Un camionista ha rifiutato d'aderire a un accordo aziendale, voluto dalla società datrice
di lavoro e accettato da tutti gli altri dipendenti (in numero inferiore a 15), in base al
quale, per poter conservare il posto di lavoro, avrebbe dovuto rinunciare a tutti gli
eventuali diritti maturati fino al quel momento in costanza del rapporto, fatto salvo solo
il TFR. Egli è stato licenziato, con motivazione riferita alla necessità di sopprimere
il suo posto. Il lavoratore ha impugnato il licenziamento, sostenendo che esso era stato
attuato per ritorsione al suo rifiuto di sottoscrivere l'accordo accettato dai suoi
colleghi e che la società aveva impiegato, al suo posto, un camionista inquadrato alle
dipendenze di altra azienda.
Egli ha pertanto chiesto la dichiarazione di nullità del licenziamento, per la sua natura
discriminatoria, in base all'articolo 3 della legge 108 del '90 e la reintegrazione nel
posto di lavoro, nonchè la condanna della società al risarcimento del danno in base
all'articolo 18 dello Statuto dei Lavoratori.
L'articolo 3 della legge 108 prevede che il licenziamento determinato da ragioni
discriminatorie, ai sensi dell'articolo 4 legge 15/7/66 n. 604 e dell'articolo 15 dello
Statuto dei lavoratori, è nullo indipendentemente dalla motivazione addotta e comporta,
quale che sia il numero dei dipendenti occupati, le conseguenze previste dall'articolo 18
dello Statuto dei lavoratori. A loro volta, l'articolo 4 della legge n.604/66 e l'articolo
15 dello Statuto dei lavoratori considerano illecitamente discriminatorio il licenziamento
determinato da ragioni di fede politica o religiosa, dall'appartenenza a un sindacato,
dalla partecipazione ad attività sindacali, ovvero da discriminazione per razza, lingua o
sesso.
Il pretore ha dichiarato la nullità del licenziamento, ritenendolo attuato per motivo
illecito di ritorsione e ha affermato l'applicabilità dell'articolo 3 legge 108/90,
nonchè dell'articolo 18 dello Statuto dei lavoratori. Pertanto, ha ordinato la
reintegrazione del ricorrente nel posto di lavoro e ha condannato l'azienda al
risarcimento del danno (decisione confermata dal tribunale).
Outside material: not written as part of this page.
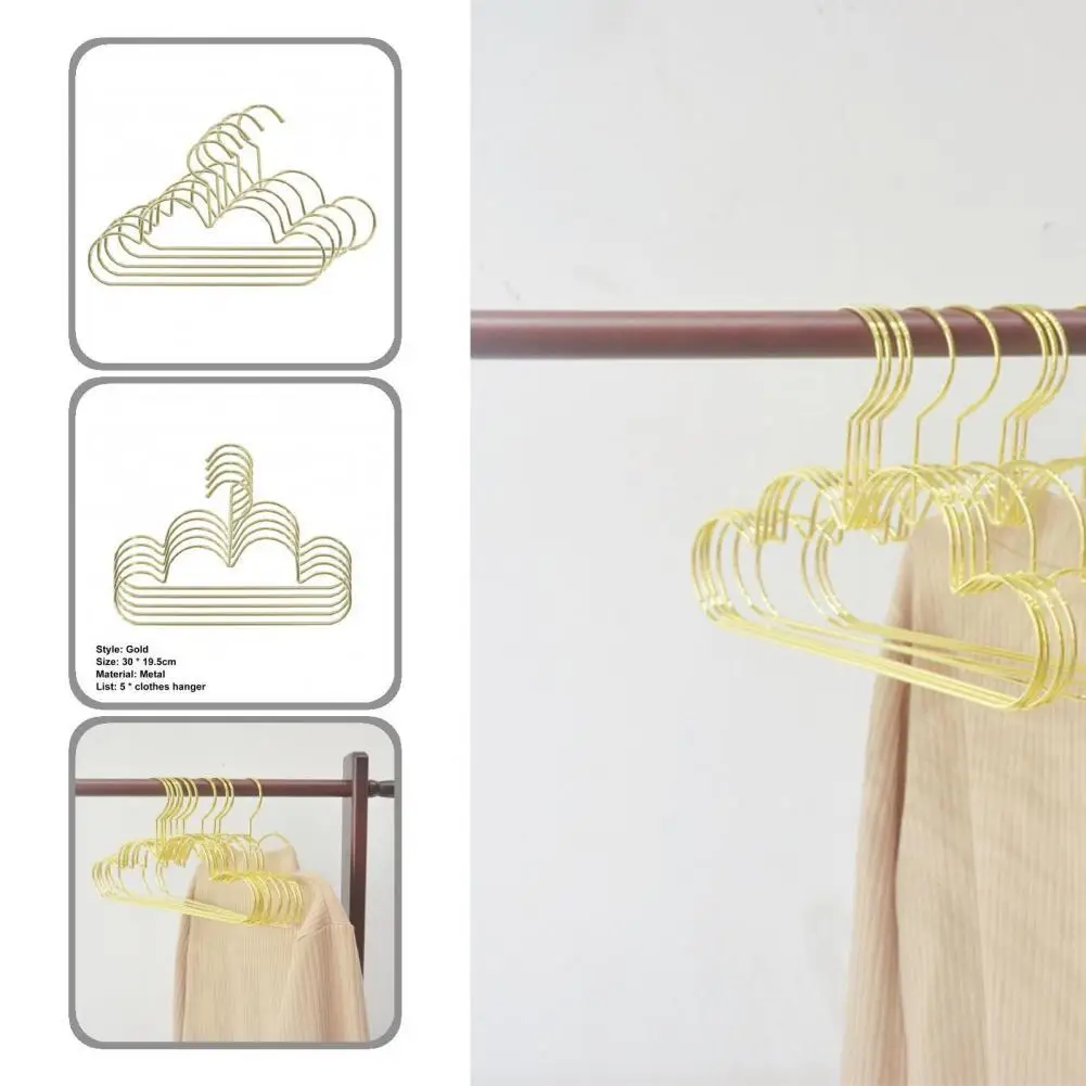 Вешалка для одежды для малышей, 5 шт.компл., золотистая Нескользящая металлическая вешалка в форме облака для экономии места, вешалка для одежды, шкаф для хранения, органайзер, стойка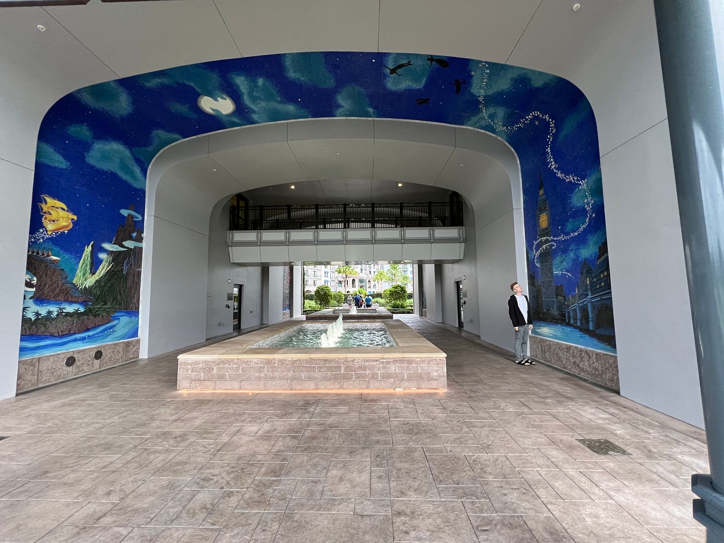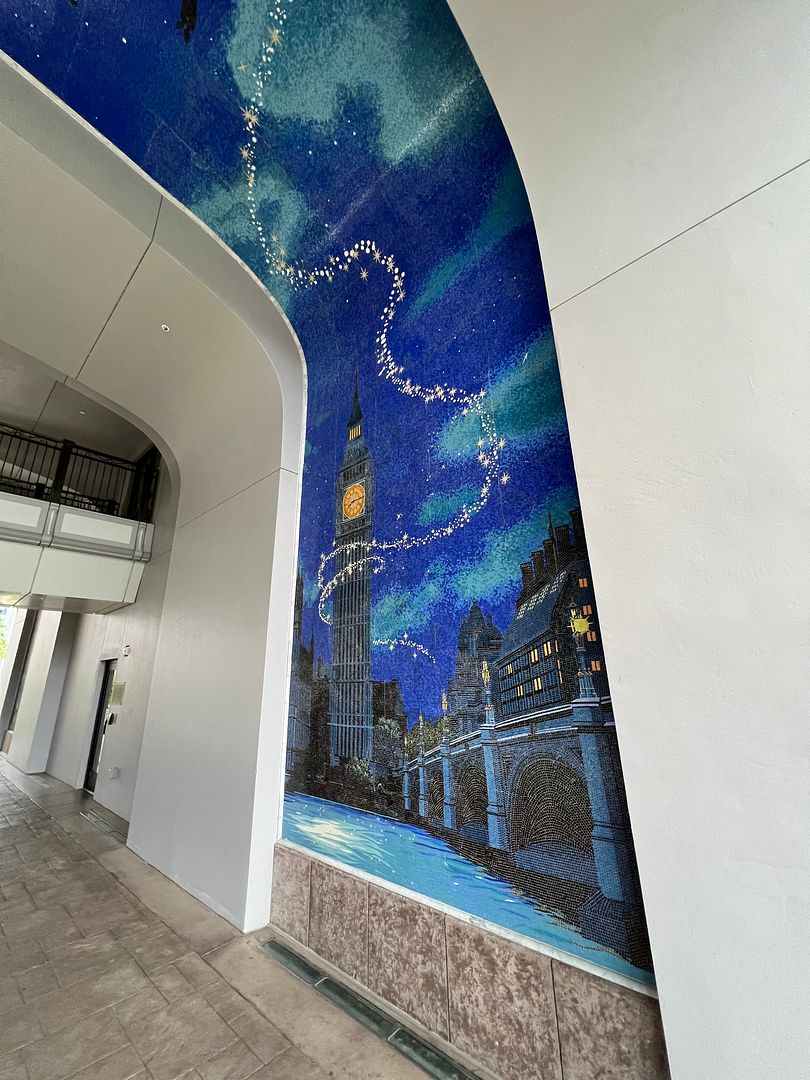 Which continues on the tunnel’s ceiling with Peter Pan, Wendy, Michael and John flying off to Never Land. Never Land and the Jolly Roger ship are then shown on the left side…

L'azienda ha proposto ricorso per cassazione, sostenendo che il licenziamento per
ritorsione non rientra tra quelli qualificati dalla legge come "discriminatori".
La Suprema Corte ha rigettato il ricorso, affermando che dev'essere considerato
discriminatorio anche il licenziamento intimato per ritorsione e rappresaglia, in quanto
esso attua comunque un'illecita discriminazione rispetto agli altri dipendenti.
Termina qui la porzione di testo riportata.